Writing Task Outputs
Writing outputs involves two components: an OutputReader (which holds the data to be written) and an OutputWriter (which handles the persistence to the storage backend).
Writing Literals
For small outputs or metadata generated in-memory, use ioutils.NewInMemoryOutputReader.
// Example of writing a LiteralMap to the output storage
literals := &core.LiteralMap{
Literals: map[string]*core.Literal{
"result": {Value: &core.Literal_Scalar{Scalar: &core.Scalar{Value: &core.Scalar_Primitive{Primitive: &core.Primitive{Value: &core.Primitive_Integer{Integer: 42}}}}}},
},
}
// Create a reader for the in-memory data
outputReader := ioutils.NewInMemoryOutputReader(literals, nil, nil)
// Commit the outputs via the writer
err := tCtx.OutputWriter().Put(ctx, outputReader)
Writing Errors
If a task fails with a user-defined error, you can write an ExecutionError instead of literals.
// From flyteplugins/go/tasks/pluginmachinery/io/iface.go
execError := &io.ExecutionError{
Code: "UserError",
Message: "The task failed due to invalid input data",
Kind: io.ErrorKindUser,
}
outputReader := ioutils.NewInMemoryOutputReader(nil, nil, execError)
err := tCtx.OutputWriter().Put(ctx, outputReader)
Managing Output Paths and Metadata
The OutputWriter implements OutputFilePaths, which provides standardized locations for various task artifacts. These paths are typically URNs in the configured storage backend (e.g., s3://my-bucket/path/to/task/).
| Method | Description | Default Filename |
|---|---|---|
GetOutputPath() | Path for the core.LiteralMap results. | outputs.pb |
GetErrorPath() | Path for the core.ErrorDocument if the task fails. | error.pb |
GetDeckPath() | Path for the Flyte Deck HTML file. | deck.html |
GetOutputPrefixPath() | The base directory for all execution metadata. | N/A |
Handling Checkpoints
Flyte supports task checkpointing to allow long-running tasks to resume after a retry.

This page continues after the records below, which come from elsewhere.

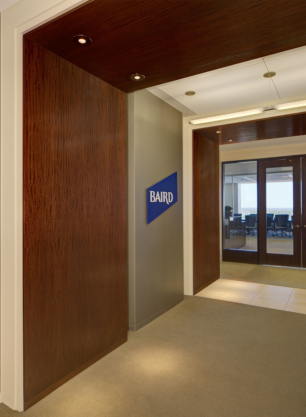 Robert W. Baird is an employee owned financial offive in Milwaukee, WI. This office highlighted unique woods that are both classic and are becoming popular again. Quartered cut wood highlighted the grain in the Mahogany and the Walnut in ways that the finish magnified. The other various materials that were used on the job showed that a varied portfolio of material goes together well.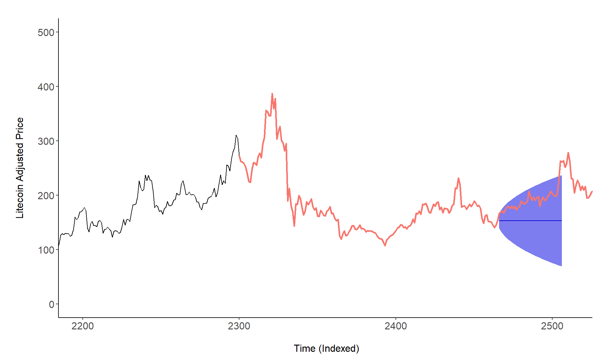 Note. Forecast prediction: Once Litecoin surpasses an adjusted closing price of $400, it will drop below $200 and continue to fluctuate normally (as expected), reaching a maximum value of $253.00 within the next 41 days.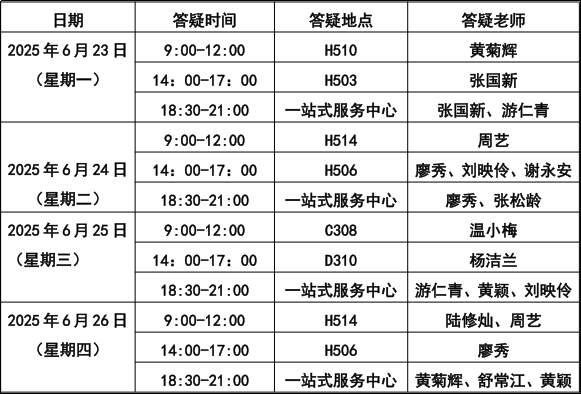 为帮助大家更好地复习备考,基础教研部联合学生发展与服务中心于2025年6月23日至6月26日在“一站式”学生服务中心多功能厅安排《高等数学11》期末答疑活动。具体安排如下:

Checkpoint paths are managed through the CheckpointPaths interface, which is embedded in OutputFilePaths.
// Accessing checkpoint paths from the OutputWriter
outputPaths := tCtx.OutputWriter()
// Path to write the current checkpoint
currentCheckpoint := outputPaths.GetCheckpointPrefix()
// Path to read the checkpoint from the previous attempt (if any)

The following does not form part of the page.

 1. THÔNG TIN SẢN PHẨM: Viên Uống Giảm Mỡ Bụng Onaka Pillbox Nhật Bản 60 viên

previousCheckpoint := outputPaths.GetPreviousCheckpointsPrefix()
The framework ensures that GetPreviousCheckpointsPrefix() points to the checkpoint directory of the immediately preceding attempt, while GetCheckpointPrefix() provides a fresh location for the current attempt.
Initializing IO Components
When implementing custom executors or testing plugins, you can use the ioutils package to initialize the IO machinery.
// From executor/pkg/plugin/task_exec_context.go
// 1. Initialize InputReader
inputPaths := ioutils.NewInputFilePaths(ctx, dataStore, inputPathPrefix)
inputReader := ioutils.NewRemoteFileInputReader(ctx, dataStore, inputPaths)
// 2. Initialize OutputWriter with Checkpoints
rawOutputPaths := ioutils.NewRawOutputPaths(ctx, outputPrefix)
outputFilePaths := ioutils.NewCheckpointRemoteFilePaths(
ctx,
dataStore,
outputPrefix,
rawOutputPaths,
prevCheckpointPath,
)
outputWriter := ioutils.NewRemoteFileOutputWriter(ctx, dataStore, outputFilePaths)
Troubleshooting and Gotchas
Missing Input Files
InputReader.Get(ctx) will return an error if the inputs.pb file does not exist in the expected location. If your plugin needs to handle optional inputs or check for existence manually, use the storage package to verify the path returned by GetInputPath().
Exactly-Once Semantics
The RawOutputPaths provided by OutputFilePaths are unique per execution attempt. This is designed to prevent different retries of the same task from overwriting each other's data in the "raw" storage area (where large blobs or dataframes are typically stored).
OutputWriter.Put Behavior
The OutputWriter.Put method in RemoteFileOutputWriter (found in flyteplugins/go/tasks/pluginmachinery/ioutils/remote_file_output_writer.go) performs the following logic:
- If the
OutputReaderreports an error viaIsError(), it writes the error document toGetErrorPath(). - If no error is reported, it calls
Read()and writes the resultingLiteralMaptoGetOutputPath(). - It returns an error if both the literals and the execution error are nil.